Он крепко ее обнял и зарылся лицом в ее пыльные спутанные волосы. Было приятно сознавать, что они пахнут подаренными им духами.
– Изабель, обещаю, я приеду вас навестить, как только смогу!
Она продолжала удерживать его со всей силой отчаяния.
– Николя, будьте осторожны! Я… я не хочу, чтобы с вами случилось несчастье…
Он улыбнулся, поцеловал ее в последний раз и с решительным видом отстранился.
– Молитесь за меня, дорогая! Мое сердце желает одного – быть рядом с вами! Я вернусь!
Изабель поблагодарила небеса за то, что все ее родные и любимые живы. Снаряды продолжали сыпаться на город до самого полудня. Масштаб разрушений поражал воображение. Конечно, не обошлось без раненых, однако каким-то чудом никто не погиб. Сегодня Господь сжалился над ними, но как знать, что будет завтра?
* * *
Сотни солдат изнывали от жары в ожидании приказа продолжить движение. Лучи солнца обжигали им лица, отсвечивали от белых офицерских воротничков. Бриз приподнял подол килта Александера – ощущение прохлады было мимолетным, но от этого не менее приятным.
Полк покинул лагерь Монктона в Пуант-Леви и переправился на остров Орлеан. Там солдат погрузили на три сотни лодок и поставили перед ними задачу: захватить редут Джонстоуна, расположенный у подножия скалистой гряды Бопора. Рядовые недоумевали: неужели Вольф снова передумает и откажется от своих планов? На календаре было тридцать первое июля – тридцать шестой день осады. Офицеры почти не скрывали своего разочарования, солдаты изнывали от нетерпения. Вольф, человек по натуре замкнутый и нелюдимый, всегда поступал по-своему и не слушал ничьих советов. И зря, поскольку в данной ситуации генерал, похоже, сам не знал, чего он хочет.
Вокруг лодки плескалась вода, но этот звук тонул в грохоте пушек: уже много часов подряд семьдесят четыре орудия судна «Центурион» и двадцать восемь орудий с «Три-Систерс» и «Рассел» обстреливали редут и траншеи в расчете истощить резервы боеприпасов у противника.

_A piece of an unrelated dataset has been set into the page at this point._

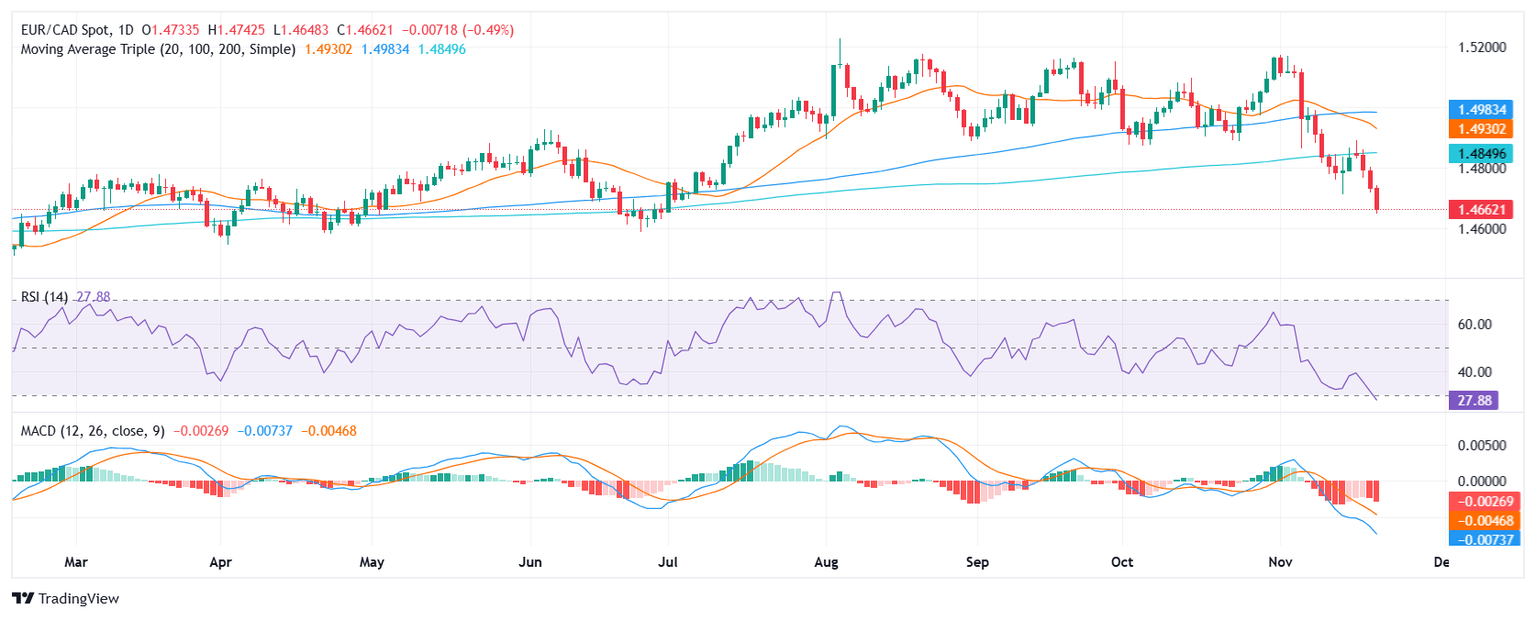 EUR/CAD Price Analysis: Pair fell below 1.4700, lowest since July

Мерное покачивание лодки и убийственная жара навевали на солдат дремоту. Голова Летиции медленно клонилась к плечу, и Александеру пришлось легким пинком призвать ее к порядку. Молодую женщину едва не стошнило, и она сжала губы. Она была очень бледна. Интересно, долго ли ей удастся продержаться в таких условиях? Вот уже полчаса Мунро мерно покачивал ногой, и это движение раздражало Александера.
– Если мы в ближайшее время не высадимся, я описаюсь! – буркнул его кузен.
– Делай свое дело, не стесняйся! – усмехнулся Александер, который испытывал те же самые ощущения. – Но остальное добро прибереги – вывалишь его перед этими размалеванными индейцами!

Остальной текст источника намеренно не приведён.